The island could introduce enhanced cashback, where a customer doesn’t have to make a purchase, which could be an alternative to an ATM in some locations.

Enterprise Minister Tim Johnston MHK says this is not currently available in the Isle of Man but could update its legislation to align with the UK, which facilitates this service.

He said that this ‘could be seen as an alternative to the provision of ATMs where there are retail outlets present to facilitate the service’.

The minister added: ‘Retail outlets would need to sign up for the service, the enticement being they receive a small fee per transaction.

‘This service differs from current cash back system, as it is cash withdrawal directly from an account rather than an enhanced payment for a product. Retailers will require an additional bit of kit to their existing payment terminals.

‘Discussions are underway with PayPoint which provides this service in the UK.

‘This might serve those communities that aren’t busy enough for an ATM. The intent would be to approach retailers/businesses in these areas to identify possible participants.

‘If this is determined to be a viable option, the department will consult and work with the Financial Services Authority and Treasury to facilitate the implementation of the option on island.’

This was in answer to a written question posed by Douglas South MHK Sarah Maltby, who wanted an update on the progress made with the Access to Cash report published in January last year.


Mr Johnston said: ‘The department is currently in the information gathering and analysis phase in order to identify specific issues that may require addressing, recognising that the report, whilst engaging with the banks and certain businesses, did not engage with the public in general.’

In terms of ATM network assessment, the DfE is continuing to liaise with local banks and LINK, the UK’s largest cash machine network, connecting virtually all the UK’s ATMs including those in the island.

‘LINK have conducted an assessment in various locations around the island to see if any location warrants the installation, funded completely by LINK, of a free to access ATM. There are certain criteria that LINK use when making the assessment,’ Mr Johnston said.

‘It concluded that Port St Mary met their criteria and a new free-access ATM has been installed there.’

Two surveys have been developed to assess the views of businesses and individuals on their preferences and day-to-day issues with using and accessing cash.

‘These surveys will assist in determining the range of any possible intervention that may be required and in what areas,’ the minister added.

The business survey will be sent out ‘in the next fortnight’.

Meanwhile, banking hubs, a shared bank space that’s similar to a traditional bank but available to everyone, are also a consideration for DfE.

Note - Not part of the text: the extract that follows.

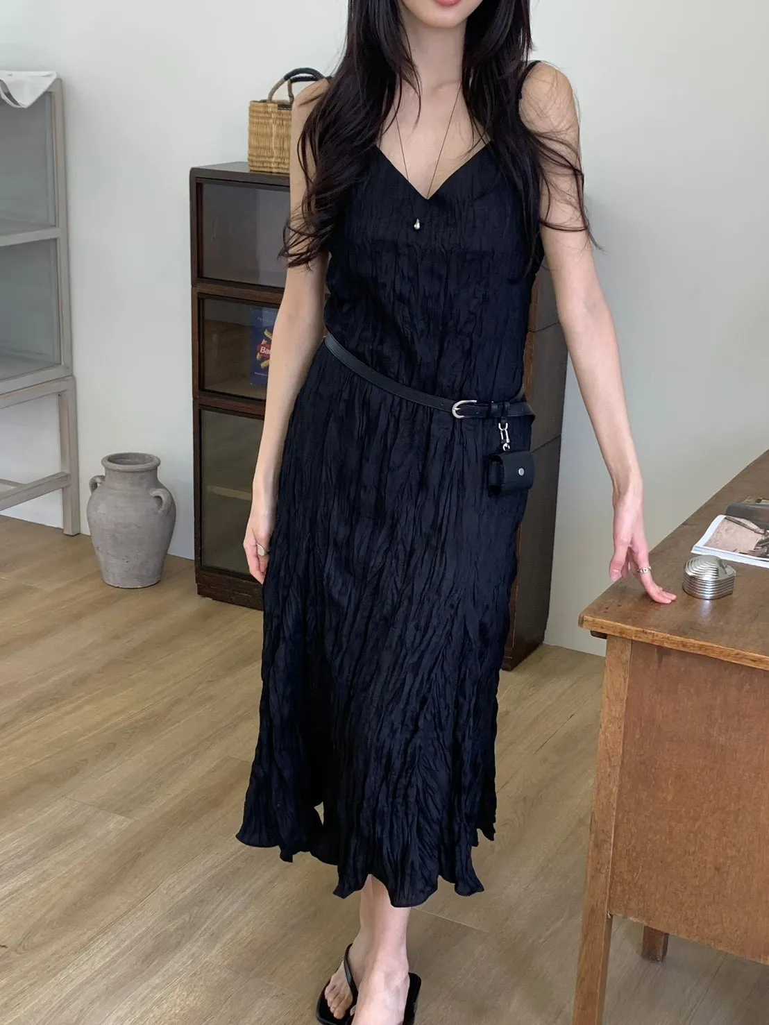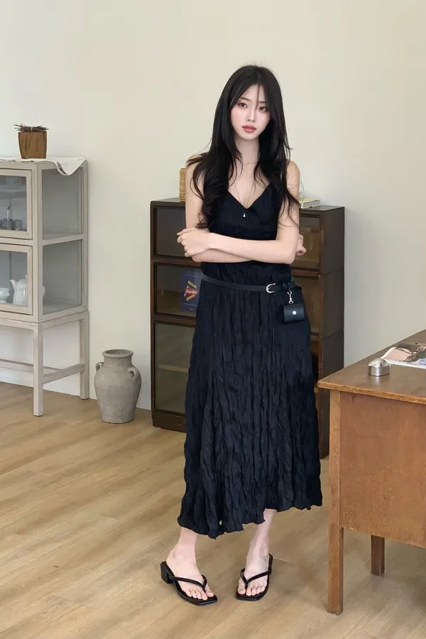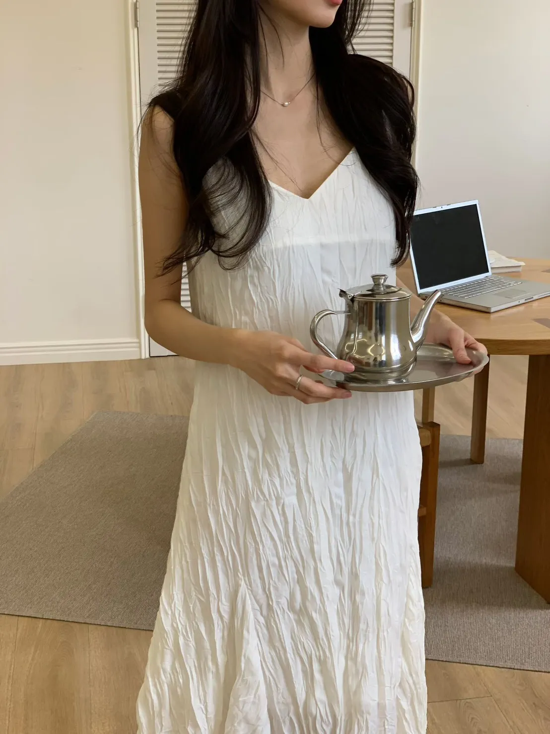 A68 0407漂亮姊姊家細肩帶V領皺皺背心洋裝2色

The hubs consist of a counter service operated by UK Post Office staff, where customers of any bank can withdraw and deposit cash, make bill payments and carry out regular banking transactions.

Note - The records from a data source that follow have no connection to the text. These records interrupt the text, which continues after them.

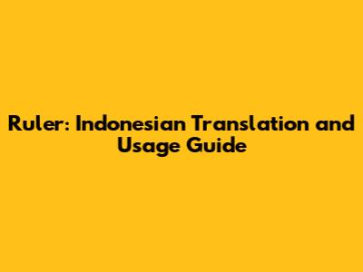 Ruler: Indonesian Translation And Usage Guide
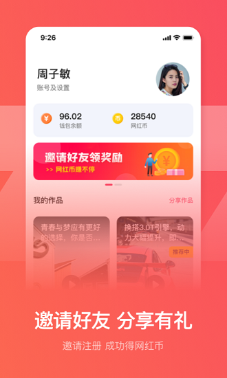 3、邀请好友,分享有礼,邀请注册,成功得网红币。
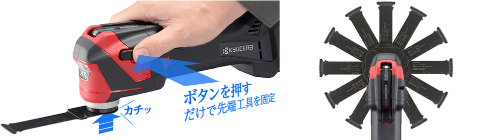 先端工具(ブレード)はワンタッチで素早く交換が可能
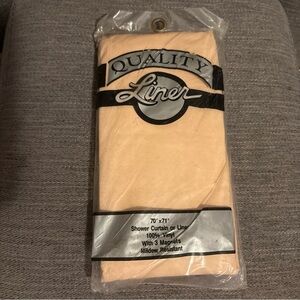 Vintage 100% vinyl shower curtain liner sized 70” x 71”, still in original sealed packaging. Features magnetic bottom to keep it in place and mildew resistant construction. Peach color gives a unique look compared to plain white liners. Made for Kmart (Quality Liner), unused, from smoke-free home. Some age spotting on packaging, liner inside remains pristine. Sold as shown.
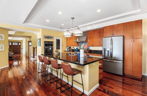 The open kitchen is anchored by a central island with bar seating, surrounded by rich wood cabinetry and granite countertops. Stainless steel appliances, a gas range, and abundant prep space make it easy to create everything from fresh poke bowls to gourmet dinners.

Mr Johnston continued: ‘It could be useful to help determine whether or not a banking hub or variation thereof could be viable or if indeed it is required.

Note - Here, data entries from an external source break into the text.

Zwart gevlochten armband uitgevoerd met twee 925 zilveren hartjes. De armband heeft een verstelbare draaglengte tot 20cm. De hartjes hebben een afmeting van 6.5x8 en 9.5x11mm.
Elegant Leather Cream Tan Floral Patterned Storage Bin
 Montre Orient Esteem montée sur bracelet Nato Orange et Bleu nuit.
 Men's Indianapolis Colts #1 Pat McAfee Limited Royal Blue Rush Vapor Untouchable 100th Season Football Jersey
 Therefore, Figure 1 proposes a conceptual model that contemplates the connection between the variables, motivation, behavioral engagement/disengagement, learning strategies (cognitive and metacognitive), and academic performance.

‘Further information will be required before a realistic assessment can be completed. That information will be provided through the surveys.

‘Discussions have been held with the local banking groups on the subject of banking hubs.

‘Banking hubs in locations where there are currently no bank branches could prove difficult to establish as demand for branch based services is already viewed as low in these areas and branch banking is available in nearby locations.’

For cash management, the department has received advice from Treasury that the current levels (December 22) of cash circulating in the economy is approximately £78.954m, with an additional £0.5m of withdrawn currency remaining in circulation.

Mr Johnston added: ‘Historic data shows that this is slightly down on the figure for the previous period, but has recovered since the pandemic, when significantly less cash was in circulation.’

He explained that the banks have indicated that they do not hold reserves of cash over what they would normally hold, suggesting that ‘normal’ amounts of cash are circulating.

This means the use of cash within the economy ‘has not changed significantly since the end of the pandemic’.